### Exercise details
After locating the line that contains "Мебель выполнена в" in the records below, write out exactly that line and each line after it through the one that contains "We display your", and nothing else.

### Records for the exercise
··········
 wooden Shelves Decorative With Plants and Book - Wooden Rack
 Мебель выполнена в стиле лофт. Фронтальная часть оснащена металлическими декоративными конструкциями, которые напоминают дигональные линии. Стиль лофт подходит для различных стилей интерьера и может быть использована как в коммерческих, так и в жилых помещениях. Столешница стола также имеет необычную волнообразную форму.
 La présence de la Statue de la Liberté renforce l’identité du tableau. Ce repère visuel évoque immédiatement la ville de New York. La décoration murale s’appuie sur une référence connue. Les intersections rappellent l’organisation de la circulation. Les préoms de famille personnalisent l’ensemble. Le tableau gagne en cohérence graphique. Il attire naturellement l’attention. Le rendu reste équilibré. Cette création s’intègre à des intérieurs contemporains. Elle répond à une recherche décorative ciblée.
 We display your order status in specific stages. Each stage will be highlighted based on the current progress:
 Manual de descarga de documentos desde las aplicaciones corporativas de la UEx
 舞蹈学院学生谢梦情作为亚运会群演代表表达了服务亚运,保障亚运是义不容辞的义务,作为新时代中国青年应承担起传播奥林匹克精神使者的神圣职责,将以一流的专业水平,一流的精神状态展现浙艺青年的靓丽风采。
··········
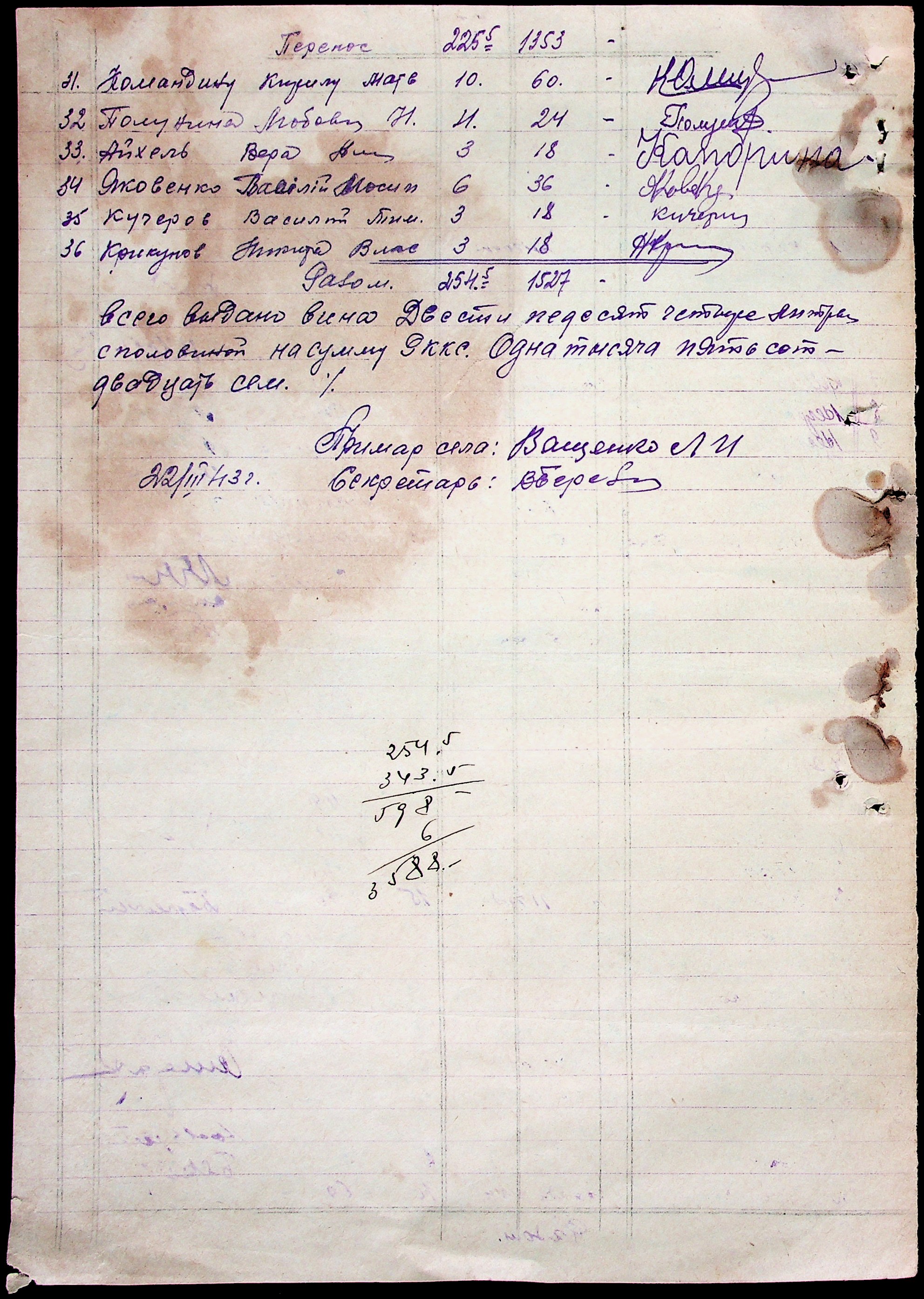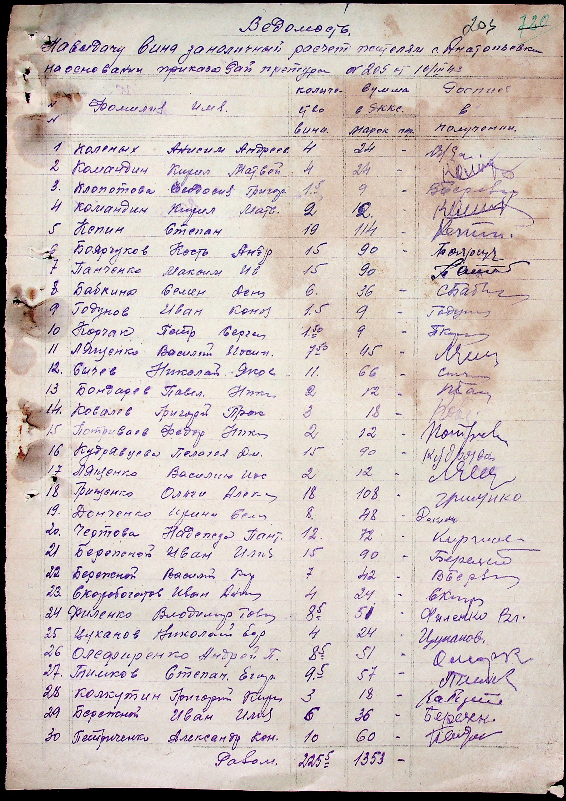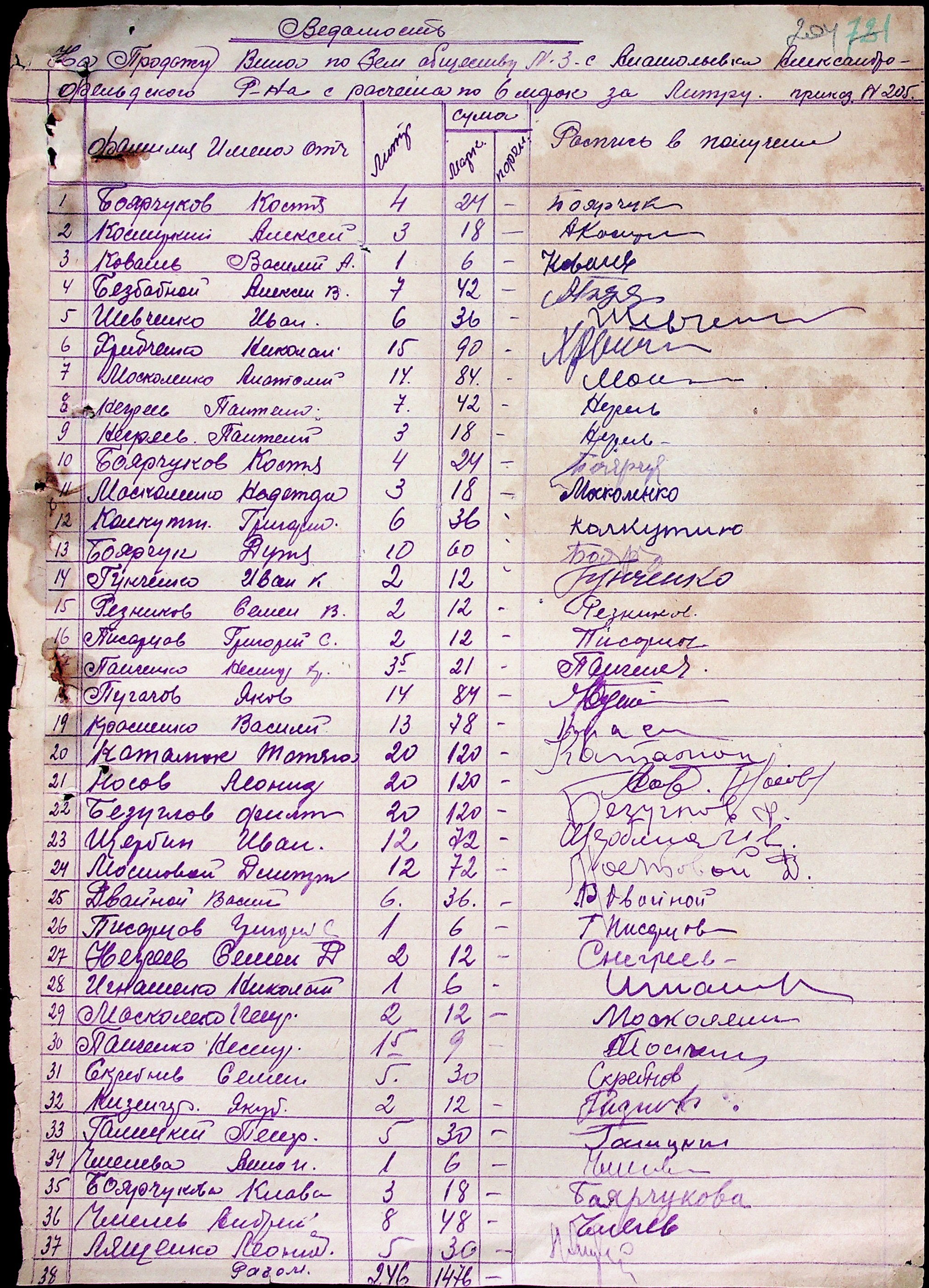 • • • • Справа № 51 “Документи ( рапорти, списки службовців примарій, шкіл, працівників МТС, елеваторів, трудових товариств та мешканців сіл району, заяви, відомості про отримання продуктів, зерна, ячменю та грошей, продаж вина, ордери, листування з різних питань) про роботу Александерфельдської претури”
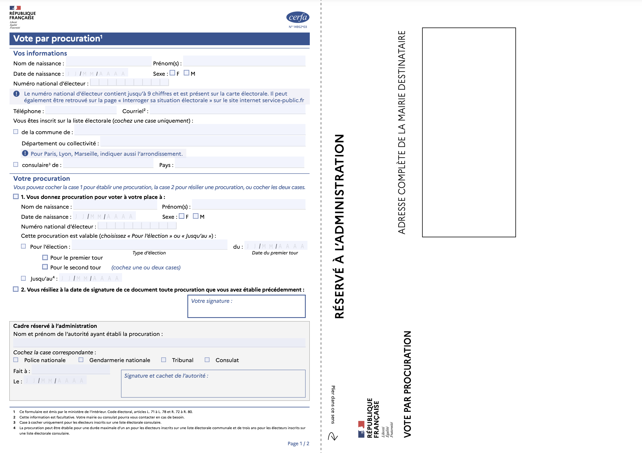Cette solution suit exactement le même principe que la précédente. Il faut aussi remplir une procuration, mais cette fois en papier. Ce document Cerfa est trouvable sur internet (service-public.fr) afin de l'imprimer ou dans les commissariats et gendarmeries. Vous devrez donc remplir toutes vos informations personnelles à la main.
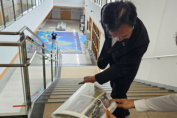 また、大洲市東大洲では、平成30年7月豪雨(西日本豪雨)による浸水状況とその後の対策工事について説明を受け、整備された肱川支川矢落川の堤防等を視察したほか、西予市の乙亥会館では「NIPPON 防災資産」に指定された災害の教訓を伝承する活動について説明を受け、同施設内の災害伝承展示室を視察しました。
··········
### Exercise response
 Мебель выполнена в стиле лофт. Фронтальная часть оснащена металлическими декоративными конструкциями, которые напоминают дигональные линии. Стиль лофт подходит для различных стилей интерьера и может быть использована как в коммерческих, так и в жилых помещениях. Столешница стола также имеет необычную волнообразную форму.
 La présence de la Statue de la Liberté renforce l’identité du tableau. Ce repère visuel évoque immédiatement la ville de New York. La décoration murale s’appuie sur une référence connue. Les intersections rappellent l’organisation de la circulation. Les préoms de famille personnalisent l’ensemble. Le tableau gagne en cohérence graphique. Il attire naturellement l’attention. Le rendu reste équilibré. Cette création s’intègre à des intérieurs contemporains. Elle répond à une recherche décorative ciblée.
 We display your order status in specific stages. Each stage will be highlighted based on the current progress:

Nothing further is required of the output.